One of the bedrock assumptions of economic theory for the last few decades has never been true.  When an error is both generally acknowledged and fervently embraced there is usually a good (and unfortunate) explanation, and this is no exception.

Cross posted from Pruning Shears.

No Associated Press content was harmed in the writing of this post

While reading ECONned by Yves Smith I was struck by the following from her coverage of neoclassical economics (p. 99):

Nobel Prize winner Amartya Sen uses an anecdote to illustrate the problem of assuming actors act solely out of self-interest:
Central to [the] problem is the assumption that when asked a question, the individual gives an answer which will maximize his personal gain. How good is this assumption? I doubt it is very good. "Where is the railway station?" he asks me. "There," I say, pointing to the post office, "and would you please post this letter for me on the way?" "Yes," he says, determined to open the envelope and check whether it contains something valuable."
Sen's story illustrates that society rests on the assumption of a basic level of cooperation and trustworthiness, since the behavior he parodies, of extreme self interest, does not jibe with what most of us experience on our day-to-day lives. But neoclassical economics offers a polar view, that people are strictly self-motivated, and then assumes a simple solution, that they will nevertheless be bound by the agreements they enter into. You can see how this breaks down: if individuals aren't restrained by morality or the need to maintain appearances, why wouldn't they cheat on their promises?
The belief that people are strictly self-motivated is an idée fixe among economists, yet it is obviously false.  Smith gives several counter-examples, such as altruism and church attendance, along with the neoclassical-confounding case of self improvement.  (Trying to quit smoking, lose weight or do any other kind of self-denial with a long term benefit is literally inexplicable in neoclassical terms of self-motivation.)  

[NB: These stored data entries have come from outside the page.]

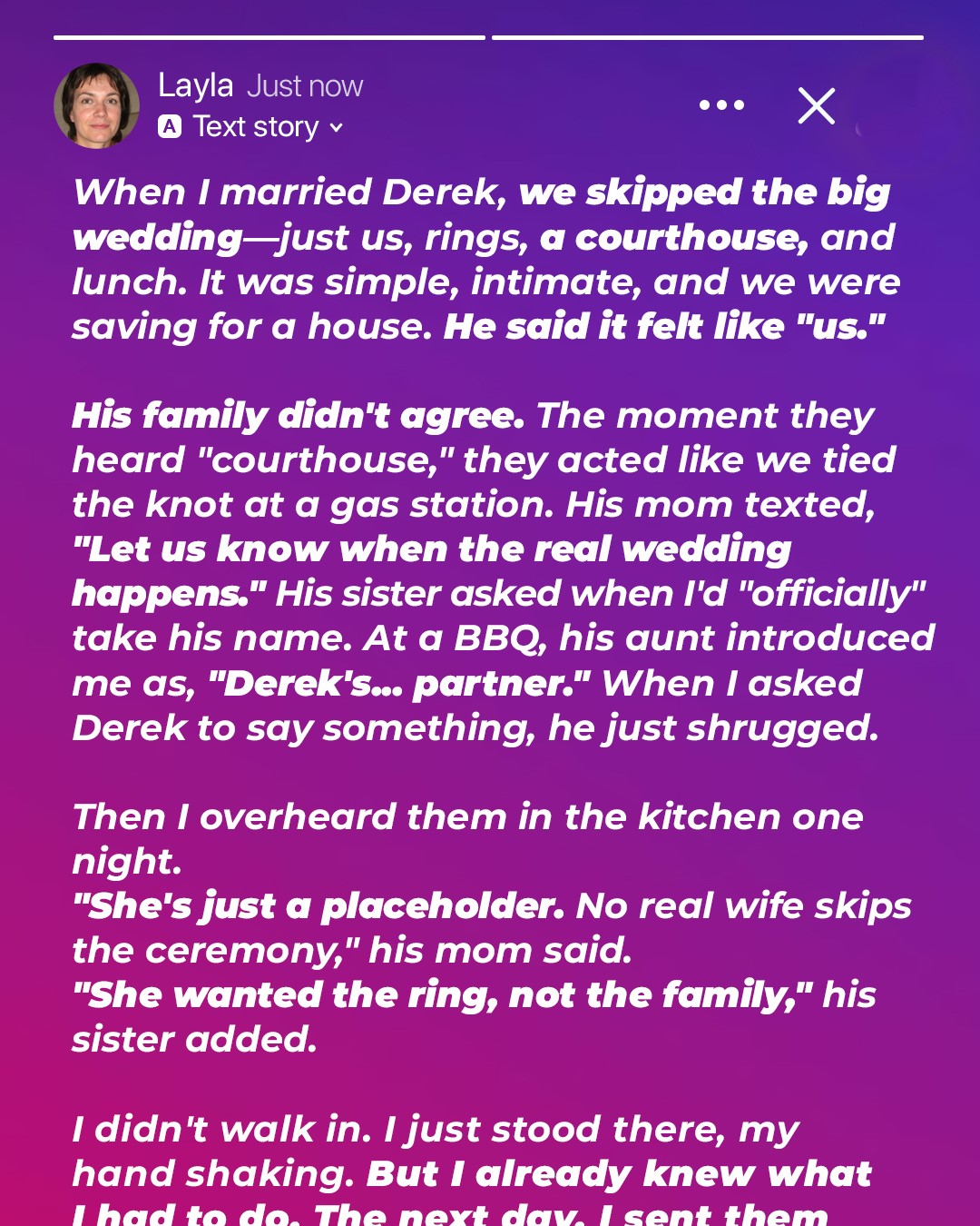 “Layla is just a placeholder,” she said. “I’m telling you. No real wife skips the ceremony. She knew she couldn’t afford it and roped Derek into something small so no one would question her background.”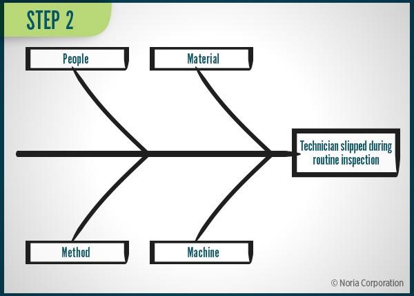 Bước hai là quyết định cách phân loại nguyên nhân của vấn đề hiện tại – những yếu tố có thể là một phần của vấn đề. Đây có thể là Thiết bị (Machine), Vật liệu (Material), Phương pháp (Method), Ngoại lực (Mother nature), Con người (Manpower), v.v. Trong môi trường sản xuất, chúng thường xoay quanh 6 Ms mà chúng ta đã thảo luận trước đó.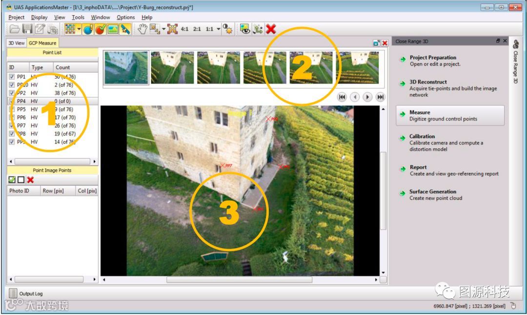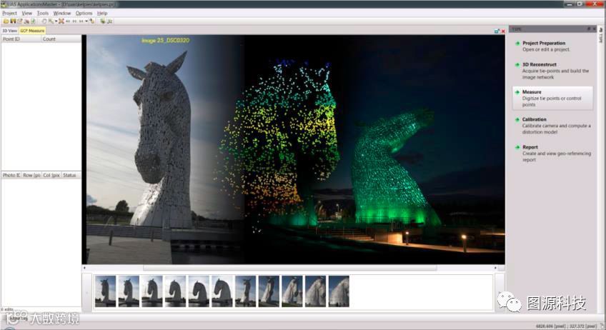 对比航空摄影测量工程中所具有的多重链接选项的影像测量工具,UASMaster为“三维重建”工程提供非常简单的影像测量工具。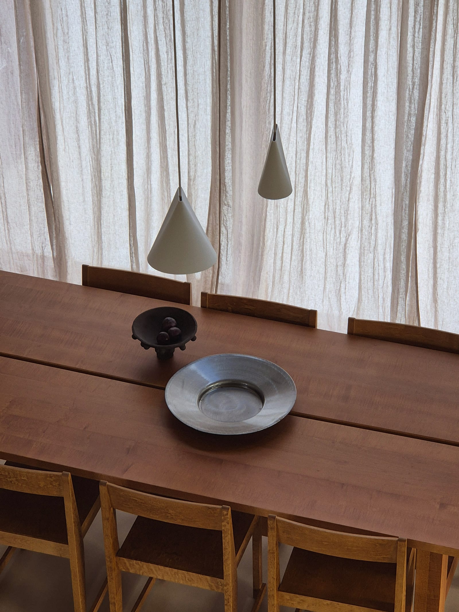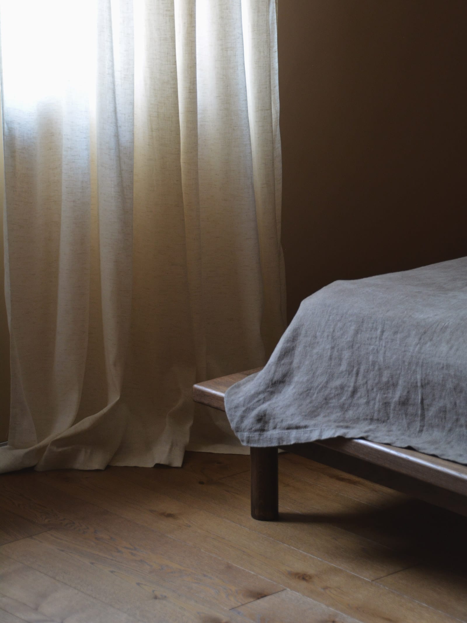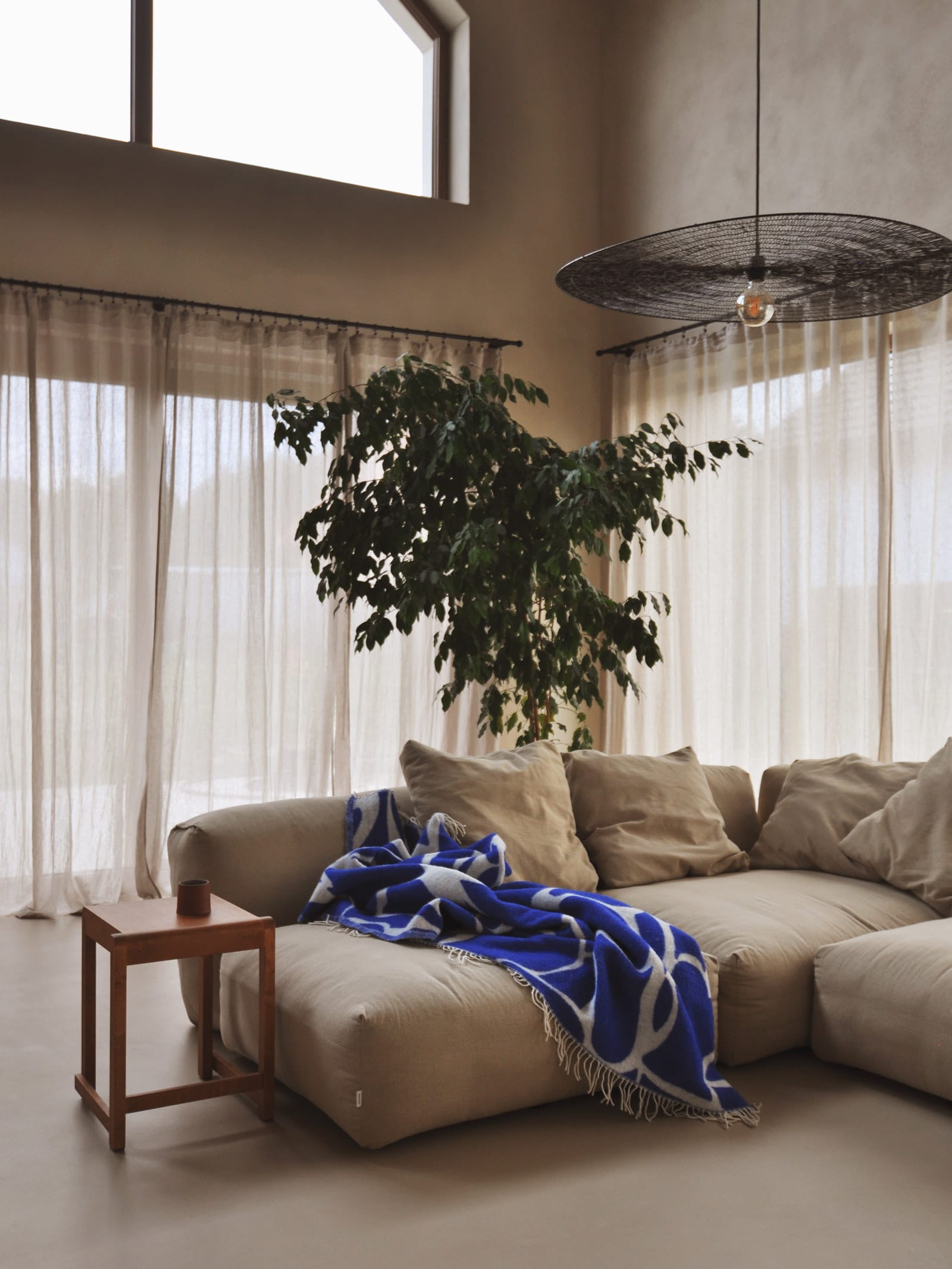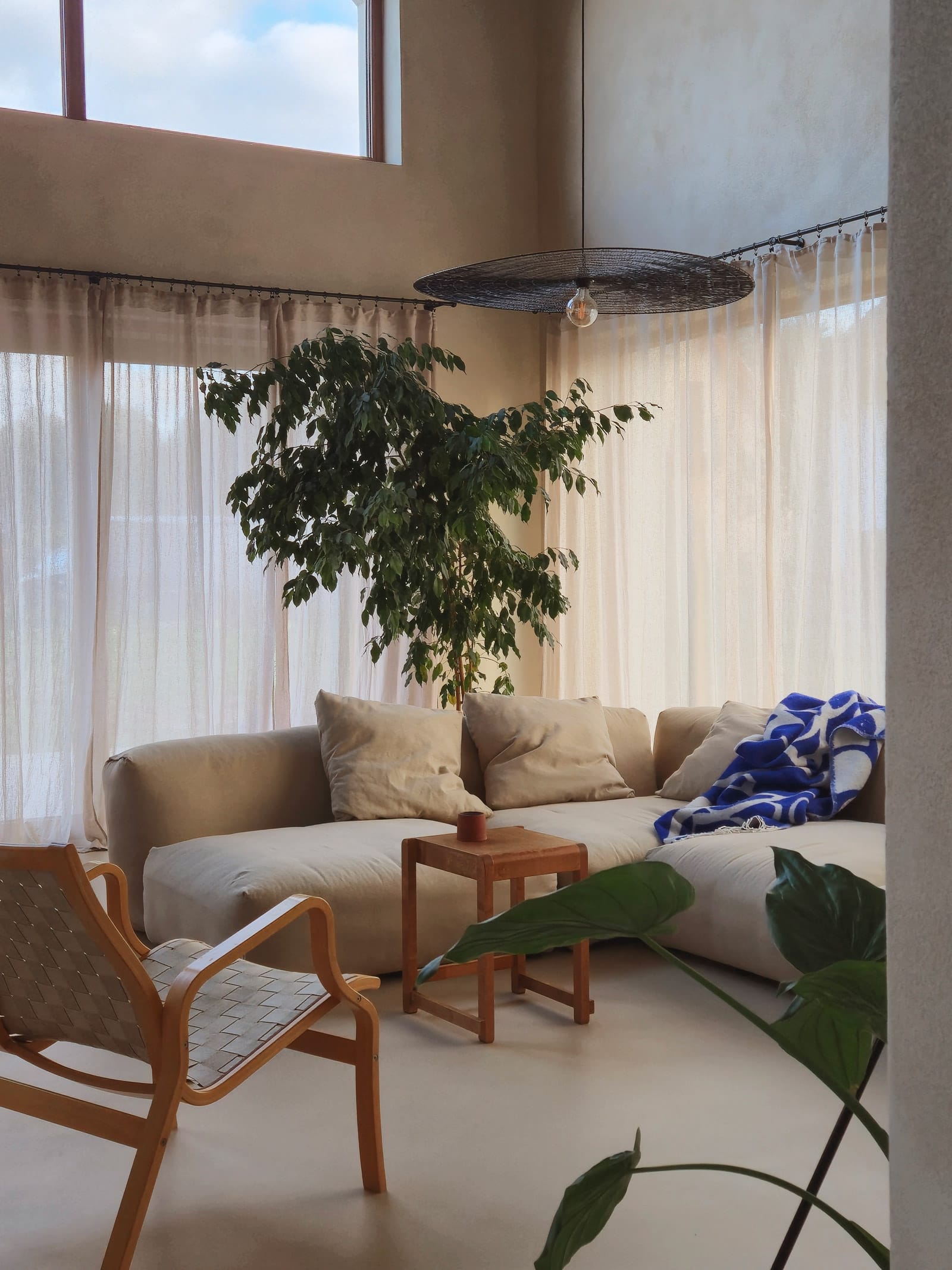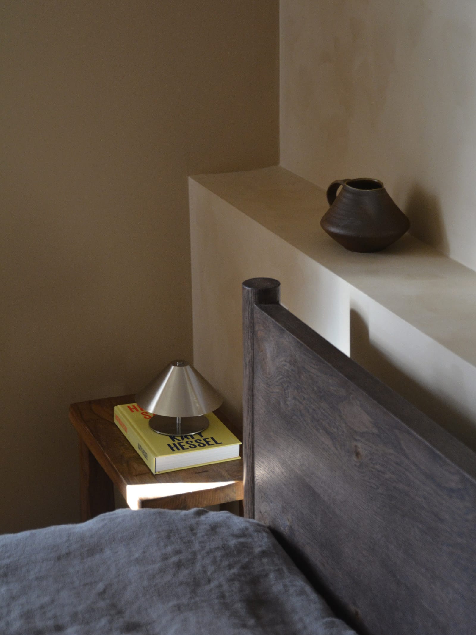 W aranżacji przeważają naturalne materiały: drewno, mikrocement, tynki gliniane i trawertyn. Surowe ściany i jednolite podłogi tworzą spokojne tło dla prostych, ponadczasowych mebli, wykonanych głównie z drewna.

One of the Smith's theses seems to be that over the past few decades economists aspired to "elevate" their work from the relatively unglamorous and plodding realm of engineering (number crunching) to the rarefied air of science.  They fell in love with mathematical modeling and endeavored to find an equation for everything.  Unfortunately, they appropriated scientific airs without bringing along scientific rigor.

For instance, if a theory confronts a counterexample, the theory is no longer valid and must be changed.  A properly disciplined investigation of the self-motivated hypothesis would look like this: "Proposition: People act solely out of self interest. But altruism exists and has no obvious element of self interest.  Therefore the proposition is false."

Neoclassical economists did the exact opposite; they conjured up extravagant fictions to explain why counterexamples actually fit the theory (altruism really is about self interest) or else dismissed them as noise that had no impact and could be ignored.  Yet in a proper scientific environment the response would be: back to the drawing board.

Now, even scientists have been known to fall in love with their models and theories, and to ferociously attack those who challenge them.  Even taking that into account, though, it's remarkable how widely believed the self-interest model still is.  It is so easily falsified that something else has to explain its persistence.  The something else is on Wall Street and in Washington.

From a business perspective, nothing is better than a model that basically says, every man for himself.  Everyone goes after what they want, and not only does it all work out in the end but it produces the best of all possible outcomes.  In an environment like that regulation is oppressive and government can only make things worse.  In practice it is something close to a state of nature; this is why libertarianism makes the most sense when you are healthy and well off.

The political culture has absorbed that message too, which is a great relief to conservatives.  If government can only make things worse, then the obvious response is to do nothing (which the GOP has become phenomenally skilled at).  That is tremendously appealing to much of the governing class - including many ostensibly on the left.  Doing something is hard; doing nothing is easy.  If the economic system produces the ideal result on its own then that certainly takes a lot off the federal government's plate doesn't it?  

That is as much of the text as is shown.